Bergstein returns fire in court filings

Contests creditors' facts; wants Aramid to post $25 mil bond

Embattled Pangea Media Group CEO David Bergstein has again taken the offensive against the creditors who brought an involuntary bankruptcy action against him in federal court in Los Angeles.

In a series of legal filings, Bergstein and allies are not only contesting the facts presented by creditors behind the action, but they are demanding that Aramid Capital Partners, which has been a leader among the creditors, put up a $25 million bond so that Bergstein's companies can collect damages should he prevail in court.

Bergstein charged in his personal declaration that Aramid is an offshore company with no real assets in the U.S., so if it loses and has to pay costs, it would be impossible to collect.

Bergstein also said in his filing that David Molner, who is chairman of Aramid, brought the action because he was angry when Bergstein would not modify his loans -- which were at 50% interest per year -- to help him out because of other bad loans that Aramid held.

"I refused to enter into this agreement," Bergstein said, "and that is when my relationship with Molner and Aramid completely splintered apart."

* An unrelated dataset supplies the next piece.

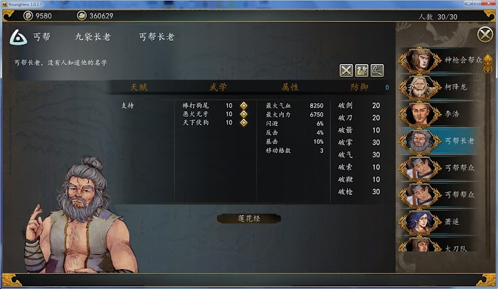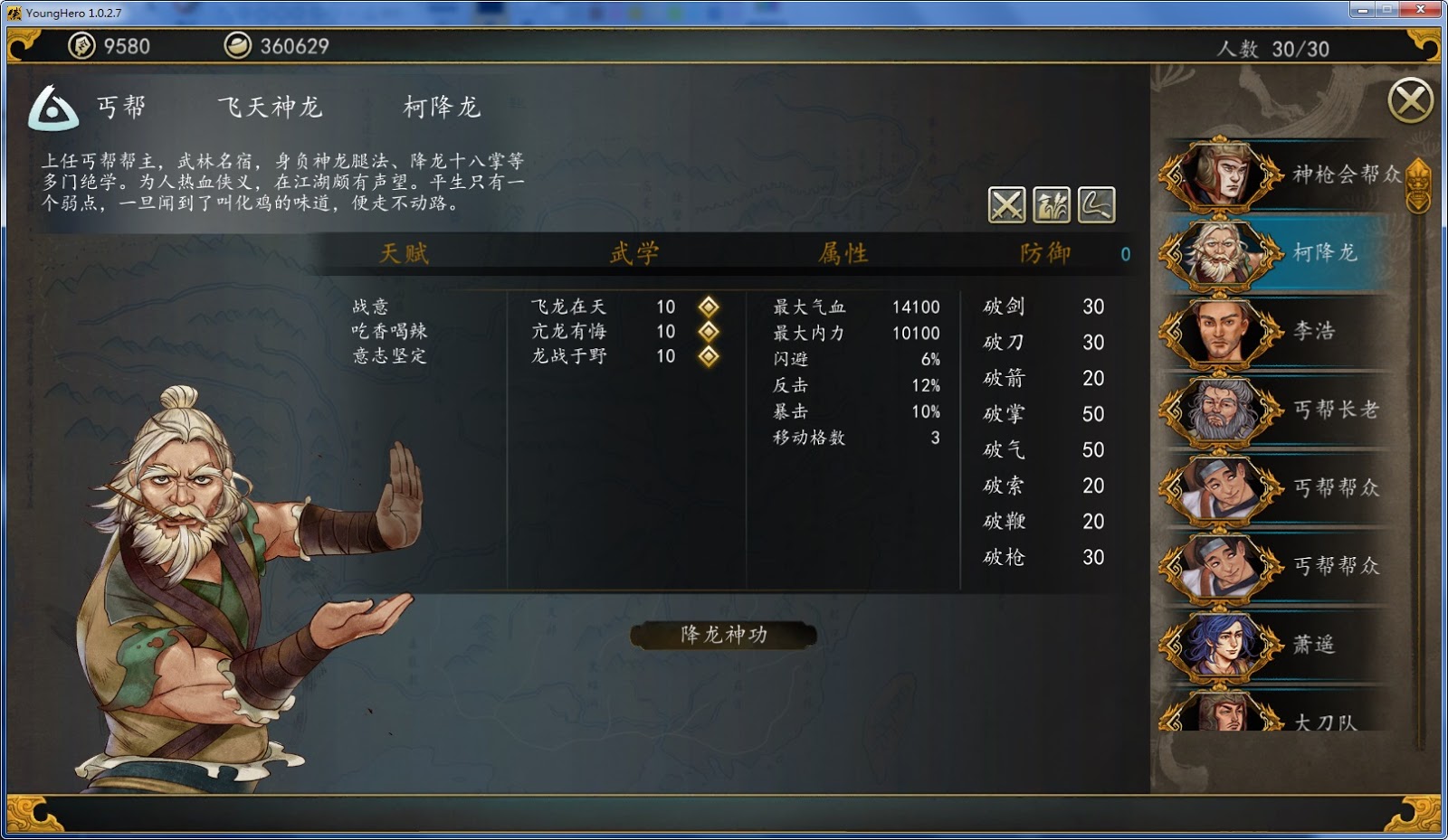 丐幫勢力,幫眾是元嬰功體可以抓個玩玩,柯降龍雖然有元嬰級幫眾,但本人不會霸體,最終戰是所有大掌門之中唯一一個活不過1回合的

He also charged Aramid is "in a state of financial distress" and that Molner organized the bankruptcy action "to attack me personally."

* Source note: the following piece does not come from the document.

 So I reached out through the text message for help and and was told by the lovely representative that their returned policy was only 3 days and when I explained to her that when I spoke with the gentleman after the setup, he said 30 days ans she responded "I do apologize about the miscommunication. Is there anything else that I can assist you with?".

Molner said Wednesday that Bergstein previously asked for a bond and the federal judge refused his request. "The motions he filed were an attempt to overwhelm the legal process, provoke required legal responses, drive up bills and eat up time," Molner told THR.

Bergstein also lays out the damage that he claims the legal action has caused him and his companies. "Pangea has already lost over $5 million of sales due to its customers' reluctance to deal with a company they worry is bankrupt," the filing said.

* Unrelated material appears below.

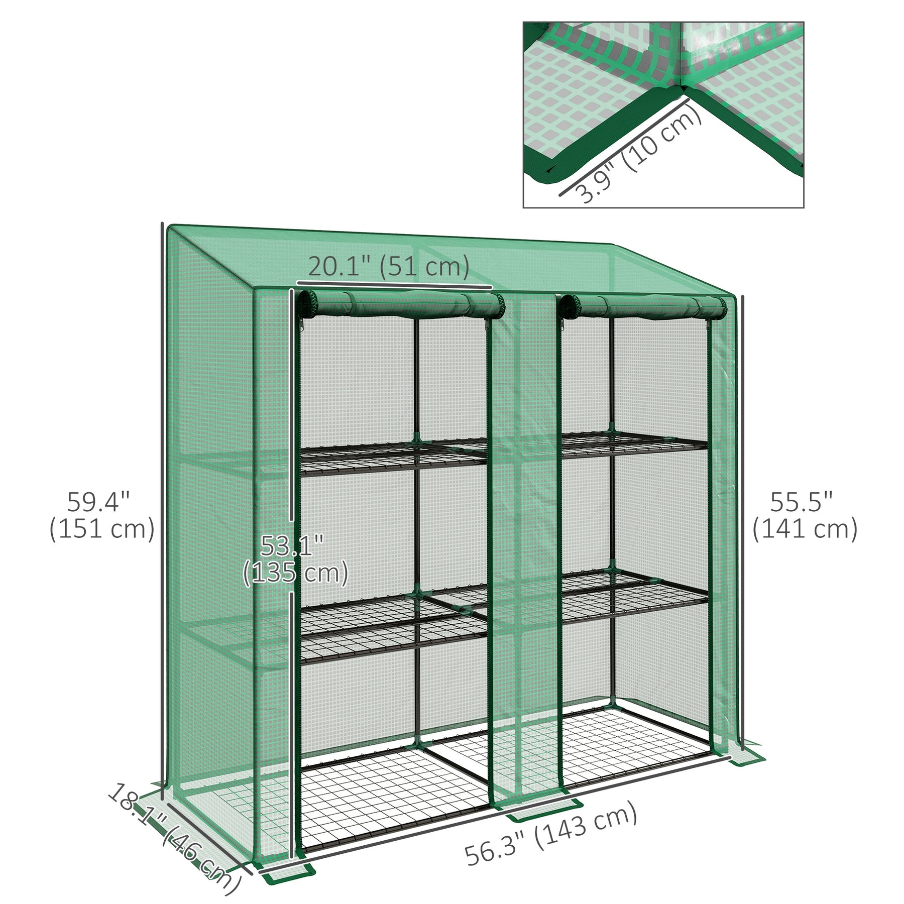 No more worrying about your carefully kept plants and flowers freezing! Outsunny provides a mini greenhouse with a three-tier flower stand that offers a spacious solution for gardeners of all levels. PE cover with two roll-up doors create a desirable temperature and humidity for plants to grow. A pent roof to prevent water accumulation. Embrace the art of horticulture with the Outsunny mini greenhouse.

It also says that Pangea has been unable to collect debts from Image Entertainment and others because of the pending bankruptcy.

Karinne Behr, Pangea's head of international distribution, said licensing of the company's movies was bringing in about $150,000 a month before the March 17 insolvency action and that revenue has since dried up, even though Pangea is not one of the companies in the action. She said two deals in the works were terminated and that reps for German and Spanish companies told her "the bankruptcy case created too much uncertainty."

In a separate filing, Bergstein asks federal bankruptcy court Judge Barry Russell to protect him against the trustee appointed by the court to investigate the five companies he runs, which are the focus of the legal battle. Bergstein has refused to give a deposition in the case, allow his assistant to be deposed or turn over computer files because the trustee appointed by the court, he says in the filing, has refused to meet and set limits on what would be asked or what documents he had to produce.

The next key bankruptcy court date is July 20, when the judge is expected to rule on these motions and other related matters.